Our Octane sample came with 512GB of flash spread between 16 chips. SSD makers typically send out review units with capacities in the 256GB range, making OCZ's decision to go with a nearly $900 drive seem a little odd. The performance specifications for each capacity point illustrate the likely motivation behind that move.

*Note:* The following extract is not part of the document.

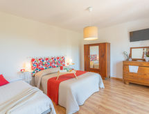 "Sunflower (ANO101)", maison jumelée 4 pièces 130 m2 sur 2 niveaux. Clair, aménagement rustique: 1 chambre avec 1 lit double et douche/WC. Cuisine/séjour (4 plaques de cuisson, four, congélateur) avec table pour les repas, cheminée et TV. Sortie sur la terrasse. Chauffage, air-conditionné. À l'étage supérieur: 1 chambre avec 1 lit et 1 lit double. Sortie sur le balcon. 1 chambre avec 1 lits. Douche/WC. Sol en pierres naturelles. Terrasse couverte, pelouse 150 m2. Meubles de terrasse. Vue panoramique. A disposition: lave-linge. Internet (Connexion WIFI, en sus). Veuillez noter: maison non-fumeur. Entrée privée. 069046BEB0027- Installations

Capacity Max sequential Max 4KB random Price
Read Write Read Write
128GB 535MB/s 170MB/s 37,000 IOps 7,7000 IOps $200
256GB 535MB/s 270MB/s 37,000 IOps 12,000 IOps $370
512GB 535MB/s 400MB/s 37,000 IOps 16,000 IOps $880
1TB 560MB/s 400MB/s 45,000 IOps 19,500 IOps TBA

Until the 1TB version of the Octane arrives next month, the 512GB model has the fastest write speeds of the bunch—and by quite a lot. The 256GB Octane's 270MB/s peak sequential write speed is 130MB/s shy of the rate purportedly achieved by the 512GB model. There's also a 4,000-IOps delta between the two for random 4KB writes. The 128GB variant's write performance is another step down the ladder in both categories, although there's no difference between the three in the read department.

The Octane 128GB has the sort of middling performance ratings one might expect from the 64GB member of an SSD family. SSDs of that size typically use only a handful of flash chips, preventing them from exploiting all of the parallelism available in the controller. Given the Octane's performance ratings and the fact that our 512GB drive uses 32GB NAND chips, I have a sneaking suspicion the 128GB model has only four flash chips under the hood. OCZ won't be making a 64GB version of the Octane, nor does it plan to offer that capacity in the S2 line.

Apart from the terabyte model, all of the 6Gbps Octane SSDs feature 512MB of cache memory. Interestingly, this cache is split between two DRAM chips: one on each side of the circuit board. The DRAM is accessed through a single channel that's 16 bits wide. Micron provides the DDR3 chips, which can push bits as fast as 1600 MT/s.

OCZ's projected prices for the Octane look pretty reasonable; the 128GB model is set to sell for $200, which puts it right in the sweet spot. If we've learned one thing over the past year, though, it's that street prices can change on a daily basis. Octane SSDs were supposed to start shipping to retailers last week, so they should be a part of the raging solid-state price war shortly. At the moment, I only see one Octane listing online—a 256GB model at Newegg that's out of stock.

Like just about every other consumer-grade SSD on the market, the Octane is covered by a three-year warranty. We'd be remiss not to point out that OCZ 's reliability reputation has a few blemishes, though. Some of the blood on OCZ's shirt comes from its position on the cutting edge; the firm has aggressively adopted new controller technology, often releasing drives long before its rivals—and with much earlier, buggier firmware. OCZ's partners must also shoulder some of the blame. SandForce is responsible for the BSOD bug that afflicted not only OCZ's Agility 3 and Vertex 3, but also similar SSDs from Corsair, Kingston, and others.

We asked OCZ to explain how it performs validation testing on the Everest controller and Octane SSD, and the company told us it's been testing Everest since before the Indilinx acquisition. In addition to performing "a significant amount" of interoperability testing with different platform configurations, OCZ says it uses automated test tools from the likes of Flexstar, Oakgate Software, Lecroy, and Ulink—gear that's also being used by "many of [its] enterprise and OEM customers." Only time will tell if OCZ's efforts have rid the the Octane and its Everest controller of any niggling flaws, and we'll be keeping an eye on the forums to see if end users experience any issues with the drive. If problems do pop up, the onus will be on OCZ alone to fix them.